Brightburn is a gory fable that speaks in the modern vernacular of superhero storytelling. It argues that young boys at the precipice of puberty must be steered correctly, lest they wind up savage, selfish monsters guided only by an internal message to “take the world.” It is less a deconstruction of ubiquitous comic book world building and more a stark warning that signs of masculine malevolence cannot be dismissed as youthful indiscretions or lackadaisically addressed by failing institutions.
You’ll maybe hate it?
It’s not quite as good as it sounds, but also better than most seem to be admitting. The script by Brian and Mark Gunn is lithe if you want to compliment it and Kryptonically simplistic if you don’t. Tori (Elizabeth Banks) and Kyle Breyer (David Denman) are furiously trying to reproduce in Kansas when a sky baby falls into the forest behind their farm. Overwhelmed by their compulsion to breed, the couple adopts the extraterrestrial. Cribbing Superman’s origin story sure does expose it for being wacky nonsense, huh?
Tori and Kyle ain’t no Ma and Pa Kent. Although Brandon (Jackson A. Dunn) grows up okay, puberty switches on buried programming in his brain. He discovers he has powers and soon surrenders to his worst impulses. That’s really what Brightburn is about more than anything; it is an exploration of the imbalance of gendered power and the horror of the powerful refusing to be told no.

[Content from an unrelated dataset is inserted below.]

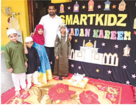
ఖమ్మం టౌన్, కెరటం స్కూల్స్

Director David Yarovesky plays things straight right up until the credits, which often makes for some gloriously, unintentionally hilarious beats. Watching Banks, a breathlessly gifted comedian, dramatically intone monologues about her murdery space baby is a special kind of delight. The film’s tone is gleefully chaotic if you want to compliment it and a total mess if you don’t.
Most notably, the graphic violence has been criticized as being out of place. Maybe… But also maybe it is a way of making invisible and implicit power dynamics explicit and shocking? It is not an accident that Brandon’s dark path starts by stalking a girl he has a crush on, after his father specifically says that it’s okay for boys to surrender to their urges sometimes. Every victim in the film is either someone who won’t give Brandon what he wants or someone who attempts to discipline him.
Repeatedly, Tori and Kyle ask if they missed something in Brandon’s youth. That is, something other than the fact that he arrived via crashing rocket ship. If you read the film as saying Brandon snapped, it’s a suggestion that puberty is a perilous crucible that must be carefully monitored in young boys. An alternative, and wholly justified reading, would be to say that parents too often whisk such concerns beneath floor mats reading “boys will be boys.”
Again, Brightburn is not quite as good as it could have been. As a pure horror film, it’s pretty ineffective. The script has very few (if any) surprises, and the potential for a critique of the dominant superhero genre is wholly absent. Basically, Brightburn is a condemnation of toxic masculinity if you want to compliment it and nothing more than Elizabeth Banks sincerely yelling about her sad, angry space baby if you don’t.